**Exercise prompt**
Repeat the whole listing. Keep it exact.

**Recorded information**
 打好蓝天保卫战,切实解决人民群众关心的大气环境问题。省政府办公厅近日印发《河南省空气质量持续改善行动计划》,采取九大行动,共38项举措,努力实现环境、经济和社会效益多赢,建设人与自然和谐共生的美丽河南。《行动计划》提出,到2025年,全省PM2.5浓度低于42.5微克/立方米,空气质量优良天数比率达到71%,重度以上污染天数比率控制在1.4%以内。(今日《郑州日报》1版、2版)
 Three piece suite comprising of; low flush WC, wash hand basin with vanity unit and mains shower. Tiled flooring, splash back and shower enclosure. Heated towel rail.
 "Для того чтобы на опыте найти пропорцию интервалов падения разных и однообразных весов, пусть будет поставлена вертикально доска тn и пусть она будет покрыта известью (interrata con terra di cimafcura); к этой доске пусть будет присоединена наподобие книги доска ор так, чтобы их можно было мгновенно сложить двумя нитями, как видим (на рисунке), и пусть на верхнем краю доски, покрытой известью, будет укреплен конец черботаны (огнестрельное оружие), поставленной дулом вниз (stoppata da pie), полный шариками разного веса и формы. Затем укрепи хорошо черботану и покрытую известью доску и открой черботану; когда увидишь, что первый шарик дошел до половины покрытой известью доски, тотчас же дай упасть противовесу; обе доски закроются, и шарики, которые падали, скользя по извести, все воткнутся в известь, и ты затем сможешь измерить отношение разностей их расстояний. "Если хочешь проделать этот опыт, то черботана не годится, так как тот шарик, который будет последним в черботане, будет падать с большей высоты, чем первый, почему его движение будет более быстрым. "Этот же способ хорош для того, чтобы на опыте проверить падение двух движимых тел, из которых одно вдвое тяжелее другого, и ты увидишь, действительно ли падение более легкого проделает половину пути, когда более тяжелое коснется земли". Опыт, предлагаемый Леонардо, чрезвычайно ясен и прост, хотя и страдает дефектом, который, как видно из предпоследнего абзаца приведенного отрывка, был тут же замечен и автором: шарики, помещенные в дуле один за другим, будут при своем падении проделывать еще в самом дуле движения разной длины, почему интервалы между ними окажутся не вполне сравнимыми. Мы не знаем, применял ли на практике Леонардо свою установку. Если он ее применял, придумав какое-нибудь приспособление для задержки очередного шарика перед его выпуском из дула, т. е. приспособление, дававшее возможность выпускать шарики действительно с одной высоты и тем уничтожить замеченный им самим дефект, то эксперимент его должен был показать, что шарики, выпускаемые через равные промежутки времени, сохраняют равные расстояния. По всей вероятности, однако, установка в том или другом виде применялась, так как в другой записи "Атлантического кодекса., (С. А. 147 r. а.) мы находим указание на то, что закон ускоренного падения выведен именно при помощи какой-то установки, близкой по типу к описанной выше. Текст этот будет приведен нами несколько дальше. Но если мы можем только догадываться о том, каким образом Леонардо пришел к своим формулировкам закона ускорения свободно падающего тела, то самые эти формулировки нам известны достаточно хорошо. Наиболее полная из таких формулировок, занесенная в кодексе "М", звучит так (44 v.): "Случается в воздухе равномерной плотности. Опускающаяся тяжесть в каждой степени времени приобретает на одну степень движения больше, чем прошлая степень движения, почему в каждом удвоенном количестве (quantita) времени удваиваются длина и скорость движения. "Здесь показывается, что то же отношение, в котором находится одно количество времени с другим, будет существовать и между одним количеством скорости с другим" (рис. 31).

**The completed task**
 打好蓝天保卫战,切实解决人民群众关心的大气环境问题。省政府办公厅近日印发《河南省空气质量持续改善行动计划》,采取九大行动,共38项举措,努力实现环境、经济和社会效益多赢,建设人与自然和谐共生的美丽河南。《行动计划》提出,到2025年,全省PM2.5浓度低于42.5微克/立方米,空气质量优良天数比率达到71%,重度以上污染天数比率控制在1.4%以内。(今日《郑州日报》1版、2版)
 Three piece suite comprising of; low flush WC, wash hand basin with vanity unit and mains shower. Tiled flooring, splash back and shower enclosure. Heated towel rail.
 "Для того чтобы на опыте найти пропорцию интервалов падения разных и однообразных весов, пусть будет поставлена вертикально доска тn и пусть она будет покрыта известью (interrata con terra di cimafcura); к этой доске пусть будет присоединена наподобие книги доска ор так, чтобы их можно было мгновенно сложить двумя нитями, как видим (на рисунке), и пусть на верхнем краю доски, покрытой известью, будет укреплен конец черботаны (огнестрельное оружие), поставленной дулом вниз (stoppata da pie), полный шариками разного веса и формы. Затем укрепи хорошо черботану и покрытую известью доску и открой черботану; когда увидишь, что первый шарик дошел до половины покрытой известью доски, тотчас же дай упасть противовесу; обе доски закроются, и шарики, которые падали, скользя по извести, все воткнутся в известь, и ты затем сможешь измерить отношение разностей их расстояний. "Если хочешь проделать этот опыт, то черботана не годится, так как тот шарик, который будет последним в черботане, будет падать с большей высоты, чем первый, почему его движение будет более быстрым. "Этот же способ хорош для того, чтобы на опыте проверить падение двух движимых тел, из которых одно вдвое тяжелее другого, и ты увидишь, действительно ли падение более легкого проделает половину пути, когда более тяжелое коснется земли". Опыт, предлагаемый Леонардо, чрезвычайно ясен и прост, хотя и страдает дефектом, который, как видно из предпоследнего абзаца приведенного отрывка, был тут же замечен и автором: шарики, помещенные в дуле один за другим, будут при своем падении проделывать еще в самом дуле движения разной длины, почему интервалы между ними окажутся не вполне сравнимыми. Мы не знаем, применял ли на практике Леонардо свою установку. Если он ее применял, придумав какое-нибудь приспособление для задержки очередного шарика перед его выпуском из дула, т. е. приспособление, дававшее возможность выпускать шарики действительно с одной высоты и тем уничтожить замеченный им самим дефект, то эксперимент его должен был показать, что шарики, выпускаемые через равные промежутки времени, сохраняют равные расстояния. По всей вероятности, однако, установка в том или другом виде применялась, так как в другой записи "Атлантического кодекса., (С. А. 147 r. а.) мы находим указание на то, что закон ускоренного падения выведен именно при помощи какой-то установки, близкой по типу к описанной выше. Текст этот будет приведен нами несколько дальше. Но если мы можем только догадываться о том, каким образом Леонардо пришел к своим формулировкам закона ускорения свободно падающего тела, то самые эти формулировки нам известны достаточно хорошо. Наиболее полная из таких формулировок, занесенная в кодексе "М", звучит так (44 v.): "Случается в воздухе равномерной плотности. Опускающаяся тяжесть в каждой степени времени приобретает на одну степень движения больше, чем прошлая степень движения, почему в каждом удвоенном количестве (quantita) времени удваиваются длина и скорость движения. "Здесь показывается, что то же отношение, в котором находится одно количество времени с другим, будет существовать и между одним количеством скорости с другим" (рис. 31).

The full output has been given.